In Untethered, there were moments when I had no idea if my spoken commands meaningfully impacted the story at all. Part of me appreciated that this mimics how life actually works. “You just live your life and whatever happened that day was what was always going to happen that day,” Green says. But another part of me missed the clearly telegraphed forks in the road that indicated I was about to make a major decision. They are a kind of fantasy of perfect knowledge, of cause and effect, which don’t always appear in real life. Part of the appeal of games is that they simplify and structure the complexity of daily living.

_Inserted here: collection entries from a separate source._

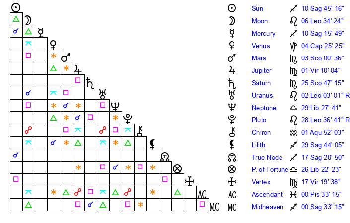 | Sun | 10 Sagittarius 45 | 11 Sagittarius 47 | 21 Aquarius 57 |
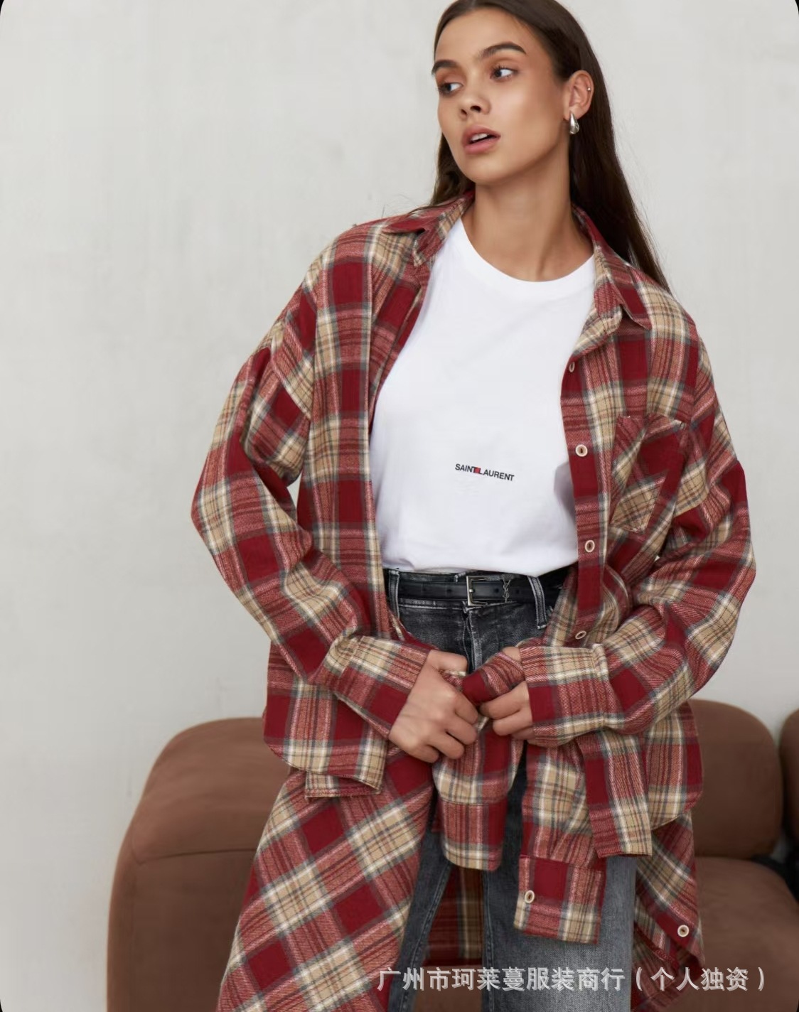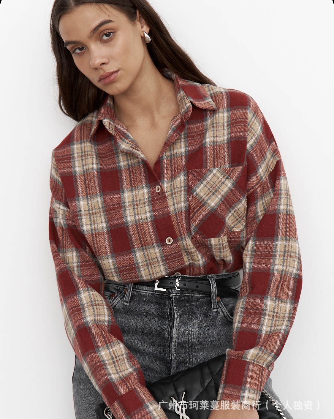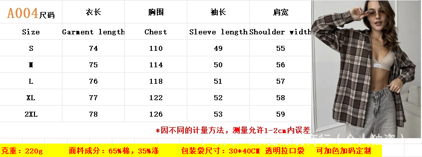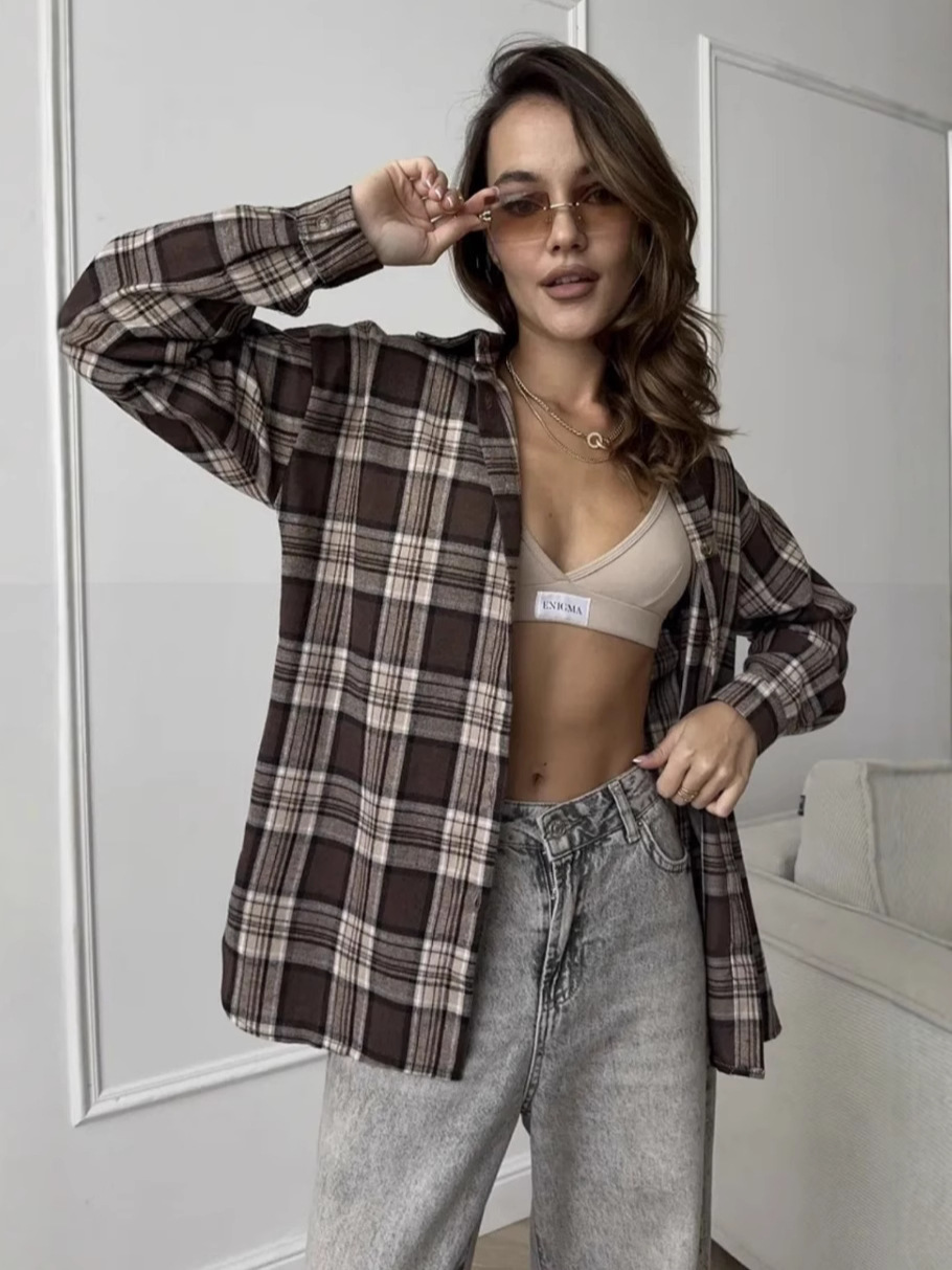 Amazon OZON трансграничная рубашка, женская универсальная рубашка в стиле ретро, весна-осень 2022, клетчатая полосатая рубашка с длинными рукавами и карманами с клапаном, брюки, рубашка
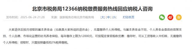 北京市税务局 12366 纳税缴费服务热线回应纳税人咨询称,大家退休后按月领取的基本养老金(也就是大家所说的退休金),无需缴纳个人所得税。与基本养老金不同,个人养老金是政府政策支持、个人自愿、市场化运营的补充养老保险,每年缴存上限为 12000 元,可按规定享受税收优惠:缴存时典丰投资,可从工资等收入中扣除,无需缴纳个人所得税;领取时,只需按照最低档 3% 税率缴税。
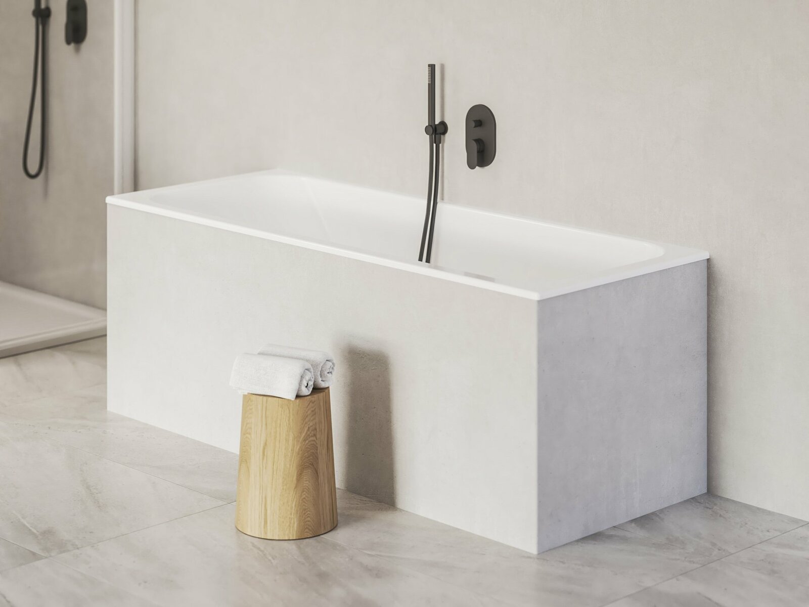 K vaně rozměru 170 x 75 cm lze dokoupit čelní i boční panel z MDF desky v bílé barvě. Systém přichycení čelního panelu je součástí panelu, není třeba dokupovat panelkit!
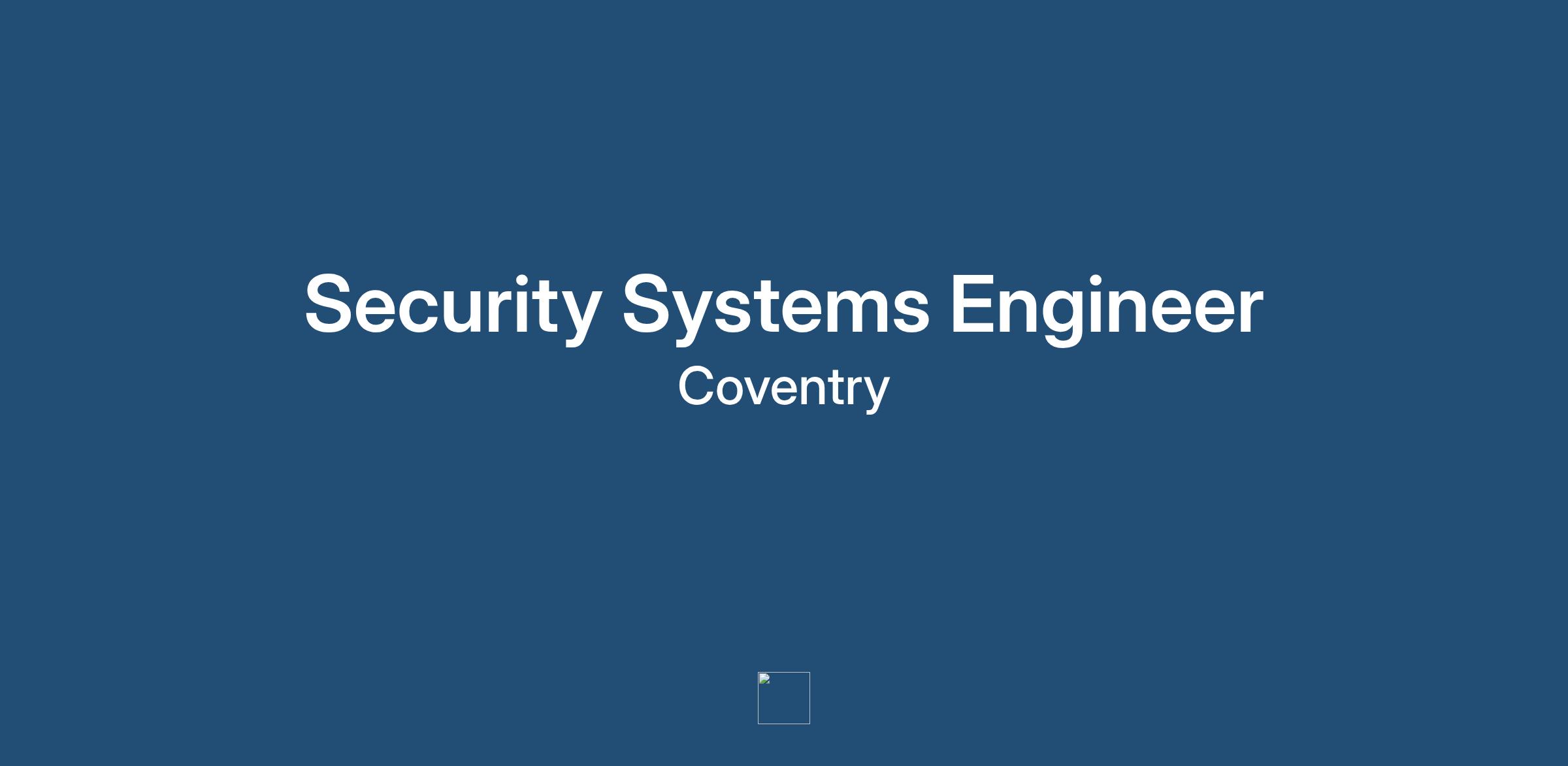 Security Systems Engineer – Coventry – Basic Salary £28,000 - £43,000 Per Annum
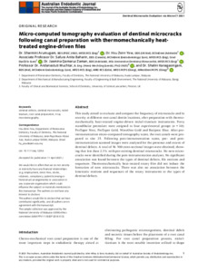 Arumugam, Sharmini, Yew, Hsu Zenn, Baharin, Safura Anita, Zaman, Jasmina, Muchtar, Andanastuti and Kanagasingam, Shalini (2021) Micro‐computed tomography evaluation of dentinal microcracks following canal preparation with thermomechanically heat‐treated engine‐driven files. Australian Endodontic Journal, 47 (3). pp. 520-530. ISSN 1329-1947
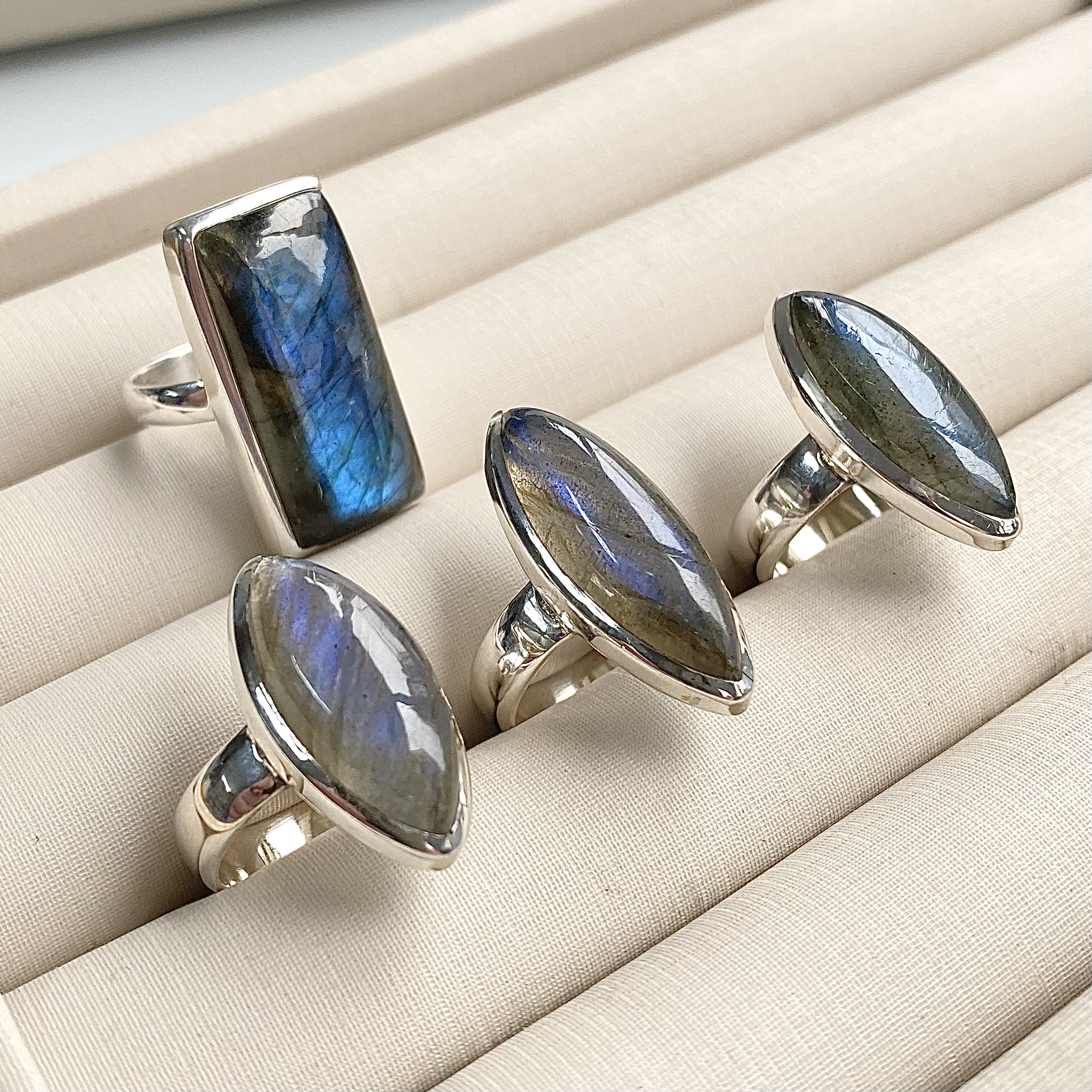 Anéis Bali Retangular e Navete. Pedra Natural Labradorita. Importado. PRATA – 925. Mediante Disponibilidade no Momento da Separação.

As developers wrestle with this balance, they will create a whole new form of game: one that’s centered on complex characters over physical environments; conversation and negotiation over action and traditional gameplay. The idea of what makes a game a game will expand even further. And the voice can reduce gaming’s barrier to entry for a general audience, not to mention the visually and physically impaired (the Able Gamers Foundation estimates 33 million gamers in the US have a disability of some kind). “Making games which are more about characters means that more people can engage with them,” says Khandaker. “Not everybody is necessarily into games which are about violence or shooting but everyone understands what it is to talk to people. Everybody knows what it is to have a human engagement of some kind.”
Still, voice gaming’s ability to bring a naturalistic interface to games matters little if it doesn’t work seamlessly, and that remains the industry’s biggest point to prove. A responsive if abstract gamepad is always preferable to unreliable voice control. An elaborate dialogue tree that obfuscates a lack of true intelligence beats a fledgling AI which can’t understand basic commands.
I’m reminded of this the second time I play the Starship Commander demo. Anticipating the villain’s surprise attack and ultimatum, I’m already resigned to the only option I know will advance the story: agree to his request.
“Take me to the Delta outpost and I’ll let you live,” he says.
“Sure, I’ll take you,” I say.
This time he doesn’t stare blankly at me. “Fire on the ship,” he replies, to my surprise.
A volley of missiles and my game is over, again. I take off my headset and David Kuelz, a writer on the game who set up the demo, has been laughing. He watched the computer convert my speech to text.
“It mistook ‘I’ll take you’ for ‘fuck you,'” he says. “That’s a really common response, actually.”